Atovaquone-proguanil and chloroquine (in certain areas) are considered safe during pregnancy. Mefloquine is sometimes used with caution. Doxycycline and tafenoquine are not recommended. Always consult a travel medicine specialist - the risks of malaria during pregnancy are far greater than the risks of approved medications.

Is it safe to use tap water to brush my teeth abroad?

In most developing countries, no. Even if the water looks clean, it can carry bacteria that cause travelers’ diarrhea. In high-risk areas, use bottled or boiled water for brushing. In places like Japan or Canada, it’s usually fine. When in doubt, stick to bottled.

Why is the CDC Yellow Book the go-to resource?

It’s updated every two years with the latest data from global health agencies, field studies, and outbreak reports. It’s the only source that combines U.S. government guidelines with real-time data from over 100 countries. While other tools exist, 92% of U.S. travel clinics rely on it because it’s the most comprehensive and evidence-based.
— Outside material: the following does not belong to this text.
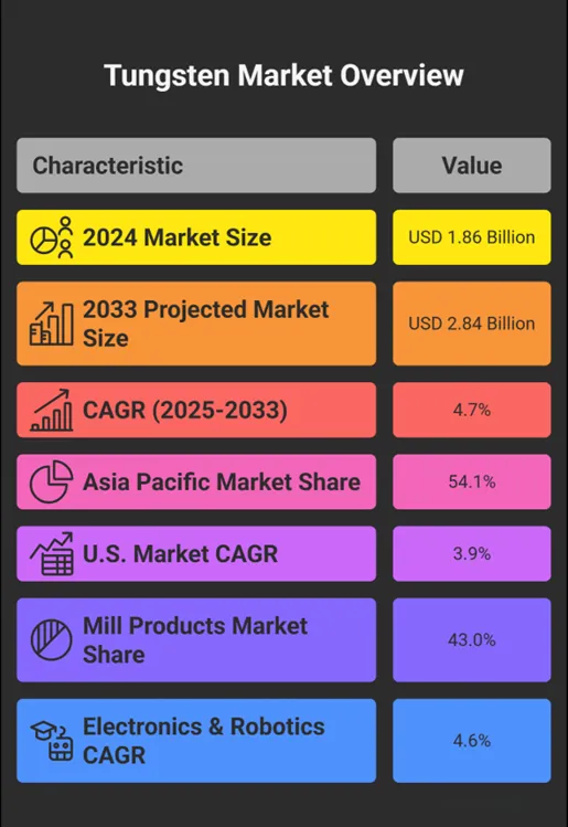 This urgency is mirrored globally. Valued at USD 1.86 billion in 2024, the tungsten market is forecast to reach USD 2.84 billion by 2033, growing at a CAGR of 4.7%. Key demand drivers include:

What if I can’t find my prescribed malaria medication?

Many pharmacies in the U.S. have shortages, especially for atovaquone-proguanil. Talk to your doctor early. They can prescribe alternatives like doxycycline or adjust your schedule. Some travel clinics can help source medications. Never skip prophylaxis - the risk of malaria is far greater than the inconvenience.